Another area of ​​impact is astronomy, where recently a team of astronomers and computer scientists from the University of Warwick identified 50 new planets using AI techniques, marking a technological breakthrough in astronomy. To do this, they have built a machine learning algorithm for analyzing old NASA data containing thousands of potential candidates for planet status. The classic method of searching for exoplanets (planets outside our solar system) is to detect decreases in the amount of light from a star under observation, a sign that a planet has passed through the telescope and that star. But these drops can also be caused by background interference or even camera errors.

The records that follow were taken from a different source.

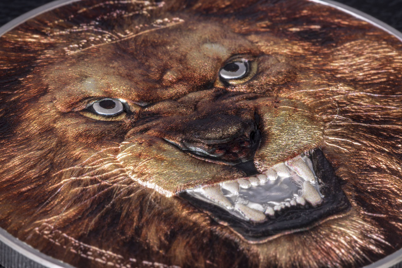 Ця красива срібна монета вагою в 2 унції входить в серію «Рідкісна дика природа», присвячена дивовижним тваринам в світі. У цьому випуску монета Лев оснащена технологією Smartminting у неї яскраві кольори, якість Proof. Тираж обмежений 999 екземплярами по всьому світу.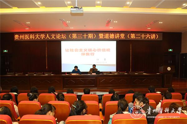 12月5日下午,太阳成人文论坛第三十期暨道德讲堂第二十六讲在南校区道德讲堂举行。本期论坛邀请到贵州师范大学教授、博士生导师汪勇博士主讲。汪勇教授是第四批贵州省高校哲学社会科学学术带头人,中国科学社会主义学会第八届理事会理事,贵州省社会科学院贵州省中国特色社会主义理论体系研究中心特聘研究员,理论功底深厚。各院(系)教师、学生代表400余人参加了本次活动。讲座由太阳成党委宣传部部长潘丽芬主持。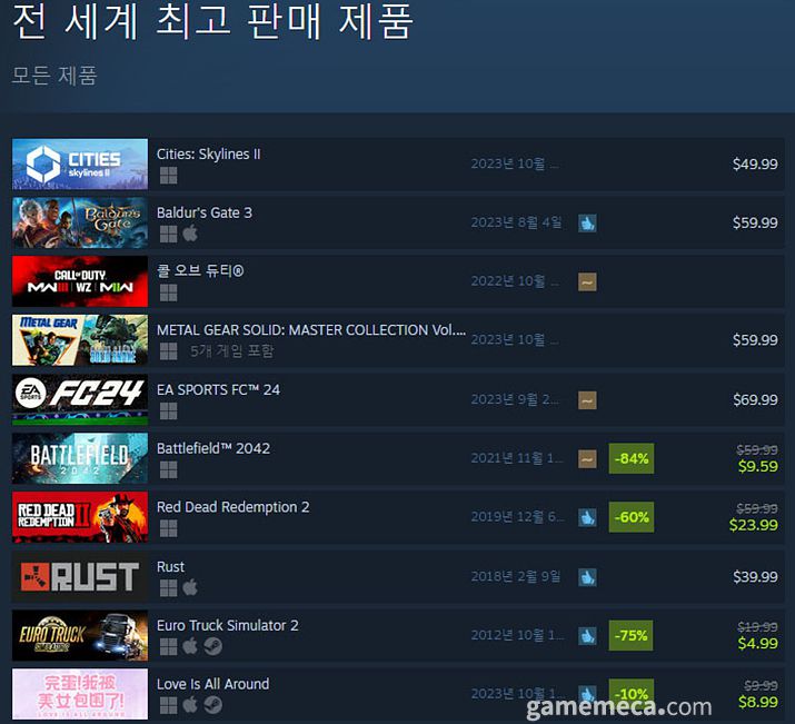 그 외에는 60% 할인을 시작한 레드 데드 리뎀션 2가 7위를 차지했으며, 지난 18일 출시되어 ‘매우 긍정적’ 평가를 받는 실사 비주얼 노벨 신작 러브 이즈 올 어라운드가 10위에 올랐다.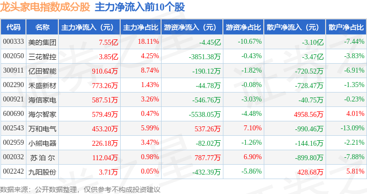 资金流向方面,龙头家电(980028)指数成份股当日主力资金净流入合计9.33亿元,游资资金净流出合计4.5亿元,散户资金净流出合计4.82亿元。成份股资金流向详情见下表: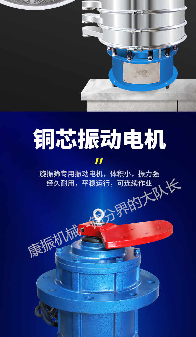 振動(dòng)無機(jī)械傳導(dǎo)—旋振篩的新型振動(dòng)源產(chǎn)生的三次元振動(dòng)強(qiáng)大而平穩(wěn),設(shè)備可安裝到任何所需位置且便于移動(dòng)。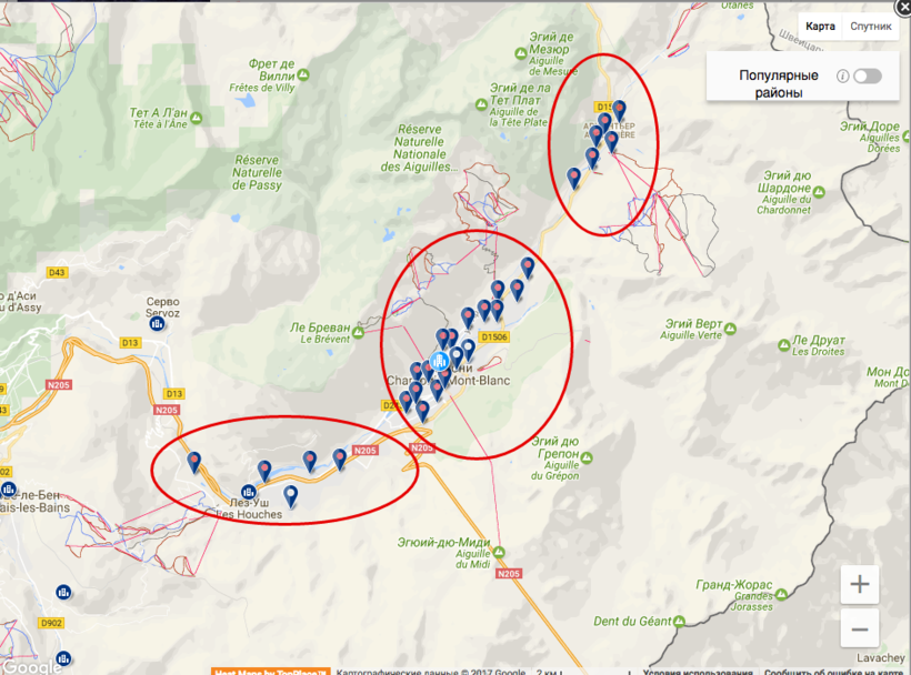 Шамони — маленький благополучный городок, живущий в основном за счет туризма. Он не делится на районы. Но слово «Шамони» означает не только городок, но и коммуну, которая включает в себя 16 деревушек (villages) и поселений (hameux) в долине у подножья гор. Подавляющая часть жилья находится собственно в Chamonix, а также в Les Houches и Argentière (я в свое время остановилась именно здесь).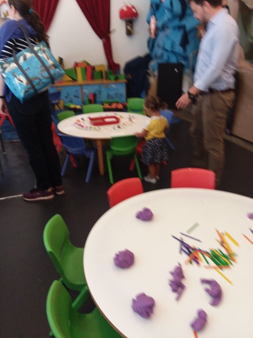 At the end of the lobby hall there is an interactive art piece and the door to the right of that leads to the stART studio for children 5 and under. It has “basic art materials including playdough and flubber” and a dramatic play, music, or theater area.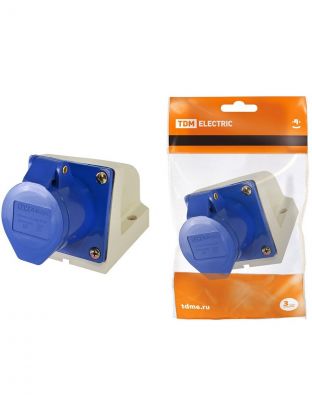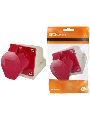 Розетка открытой установки, 1 гнездо, с заземлением, 32 А, 380 В, пластик, IP44, стационарная, 3Р+РЕ, TDM Electric, SQ0602-0006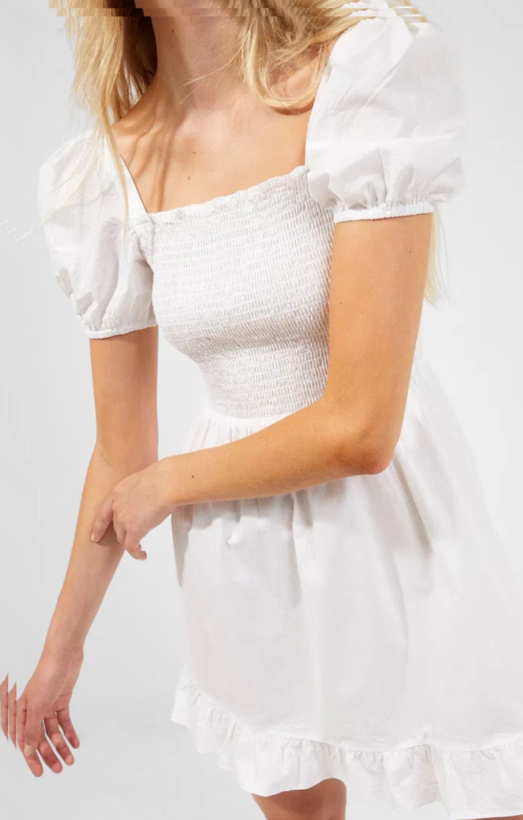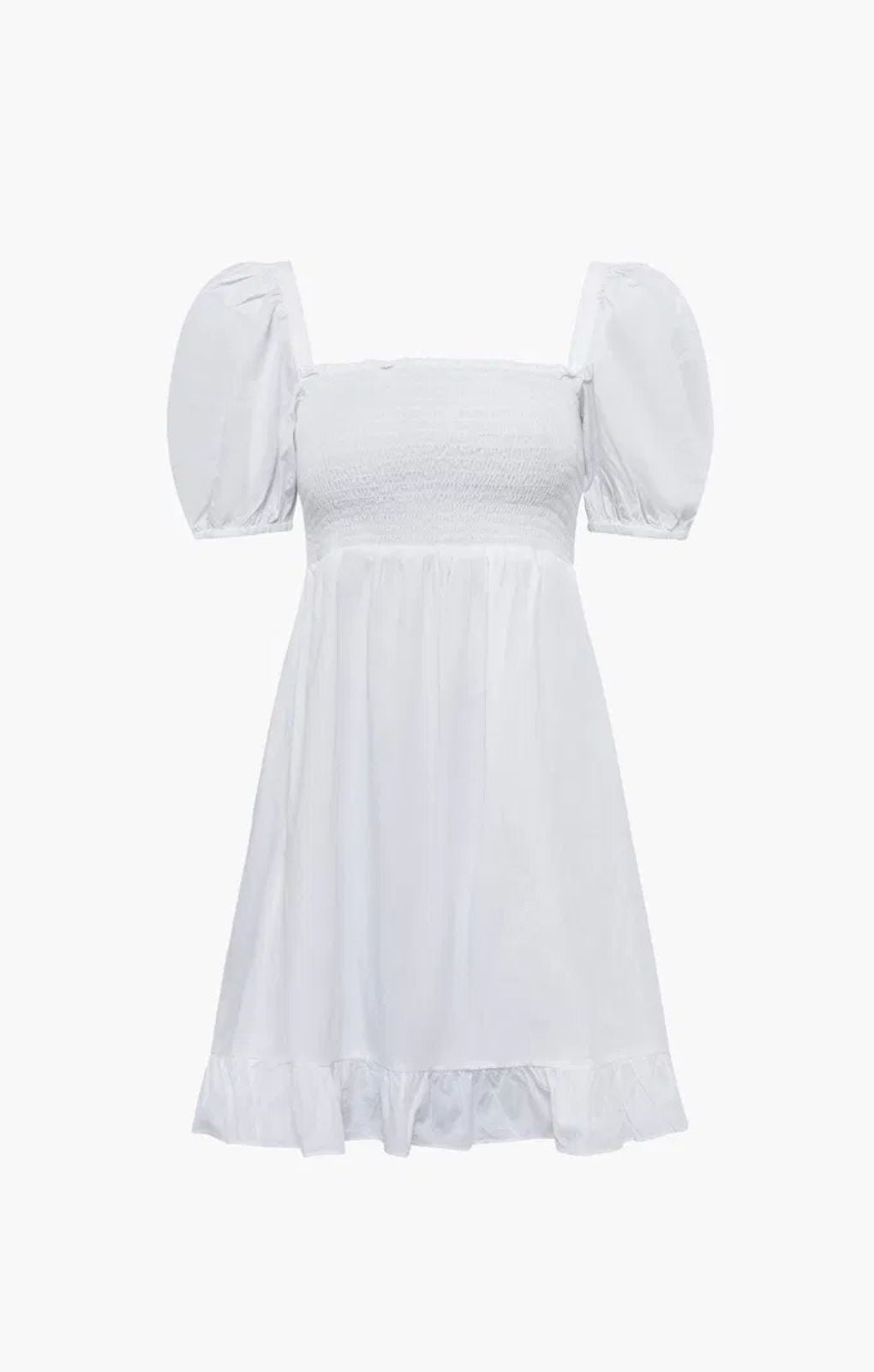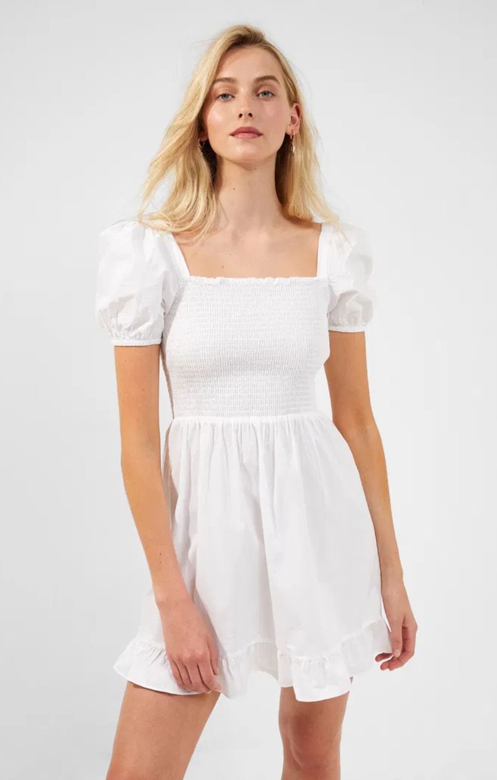 French Connection Armina Organic White Poplin Mini Dress Sure to become a wardrobe favourite - the Armina Organic Poplin Mini Dress. Designed with a square neckline, puffed-up sleeves and smocked bodice.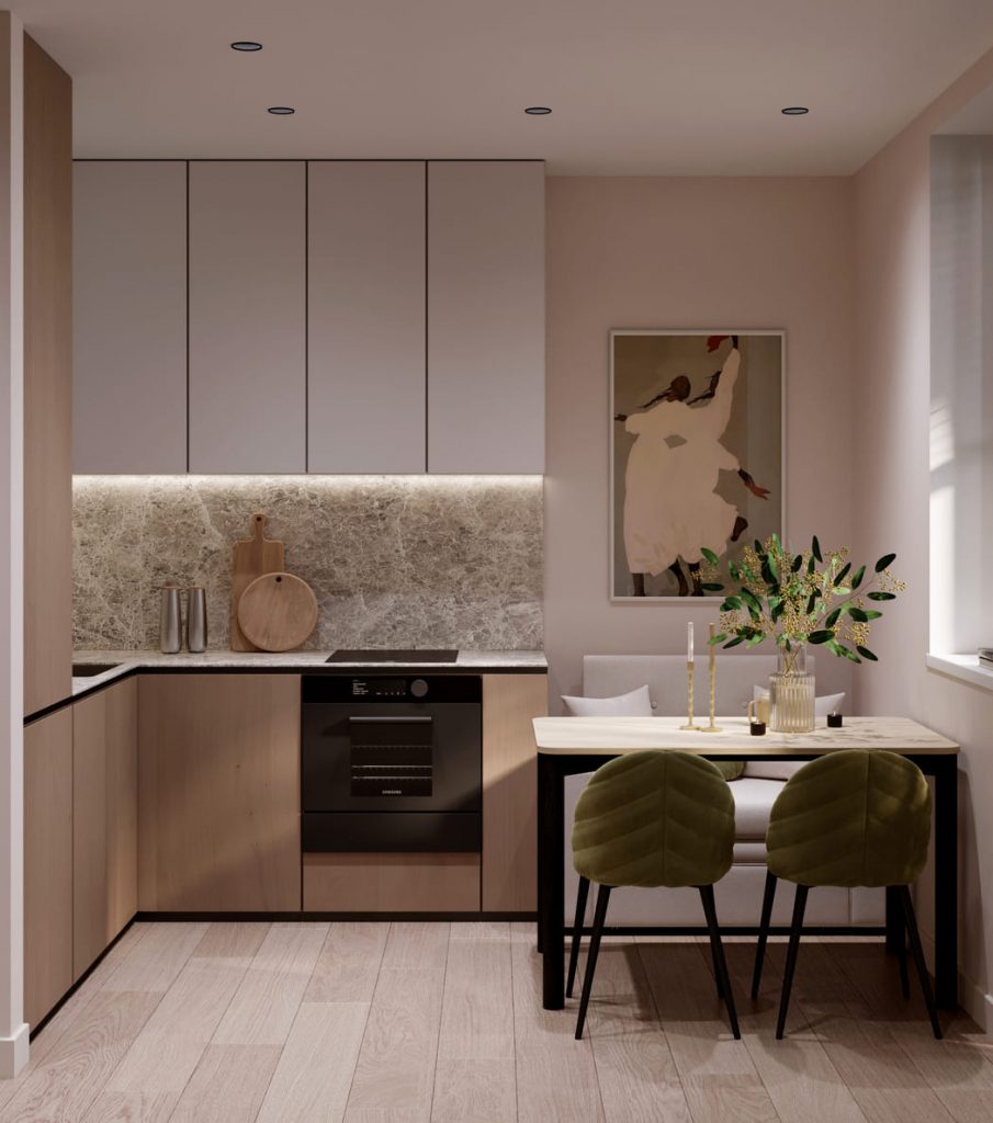 Фартук и столешница выполнены из материала с мягким мраморным рисунком, который оживляет пространство и добавляет фактуру. Подсветка под верхними шкафами делает рабочую зону визуально лёгкой и подчёркивает структуру камня.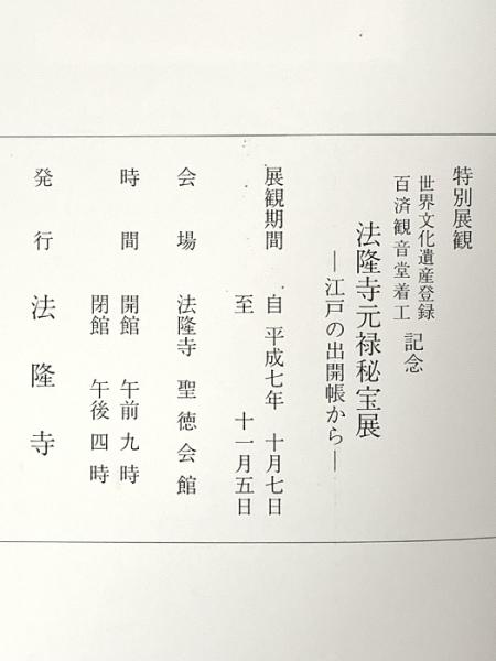 図録 法隆寺 元禄秘宝展 -江戸の出開帳から- 平成7年 法隆寺

The merit of the deep learning algorithm is that, by training, it manages to accurately separate the planets from the false-positives, and this on old, unconfirmed data, resulting in this set of new “registered” planets. The approach is a first, in the sense that such techniques have been used in astronomy only for the classification of planets, but never for their validation in the probabilistic realm.


We believe that the conclusions at the end of this short history of AI are multiple and we encourage you to find them for yourself and share them with us. We appreciate that perhaps the most important thing to recognize is that, whether it is welcome or feared, or whether it is considered to be truly competent and useful or not, AI makes its presence felt in more and more areas, with smaller or larger steps. Despite many current shortcomings, including the cumbersome generalization or the need for huge computing power, there are certain advantages, such as the increasing attention enjoyed by researching mathematical models, the existence of a large dataset for analysis, and the sympathy it receives among the public so that we are entitled to believe that AI will be a partner in our lives for a long time to come. It depends only on our choices that this partner will be a guarantor of improving the quality of life and not a threat.